After an introduction by Ramblers member and senior Nick Hamlin, the world-renowned a cappella group FORK took the stage by storm. Their black leather and sequins accented the star quality of their music. With an onstage recorder and distortions made by their sound manager, FORK created immensely unique sounds that heightened the quality of their songs. Most of their repertoire included classic songs that everyone could sing along to, including ‘Thriller,” ‘Ice Ice Baby,” ‘Shot to the Heart” and ‘Bohemian Rhapsody.”

In addition to their dress and portions of distorted singing, choreographed movements greatly enhanced the effect of their performance. The group encouraged audience participation with singing along and dancing, which added to the zestful atmosphere present throughout the evening.
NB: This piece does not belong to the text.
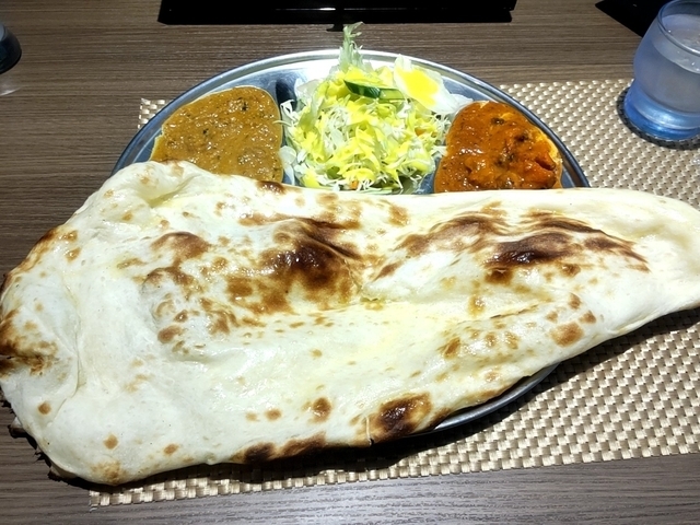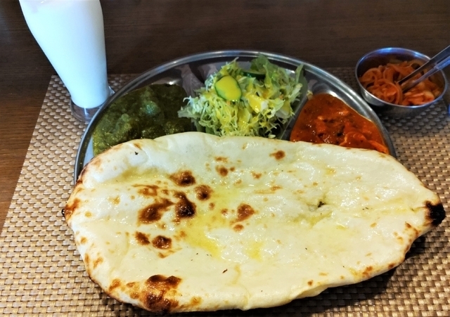 《Bランチ》¥770(税込) 本日のカレー2種類、チーズナン(+¥55)、ソフトドリンク(ラッシー)をいただきました。 本日のカレーは何種類かある中で、バターチキンとサグレチキンを選びました。 ルーの量は多くありませんが、結構チキンが入っていました。 チーズナンに変更する場合プラス55円で、他のお店に比べるとだいぶ安いです。 その分チーズの量は少なく、チーズが伸びるような感じはあまりありません。 でも、おいしくいただきました。
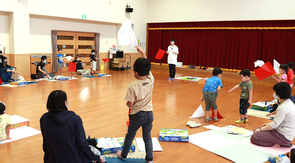 この日は、まず赤と白の旗揚げゲームを行いました。 人間同士で対戦してゲームを楽しんだ後は、大関が扮するロボットと子供たちが対戦します。 ロボットに向かって、子供たちは「赤あげて」「白上げて」と指示を出しますが、ロボットは手を挙げません。 そこで、「なぜロボットは手を挙げなかったのだろう?」と子供たちに問いかけます。

After intermission, there were more performances by FORK and the Ramblers. Despite FORK’s fame and talent, it was clear that the Ramblers were the audience favorite for the evening. As always, the concert closed with the Ramblers inviting any Ramblers alumni in the audience to join them onstage and sing ‘Kiss Him Goodbye.” The Ramblers sprinted offstage after their bows, which mirrored their entrance into the theater earlier and made their performance complete.

Each part of the program moved quickly, and there were no lulls. The more subdued songs in the concert were not tedious, but melodic and a nice contrast to the vigor of most of the other songs performed.

Although the concert was fairly lengthy, with intermission at 9:30 p.m. and the final song ending around 11 p.m., it was well worth the time spent.

Dickerson is a member of the class of 2012.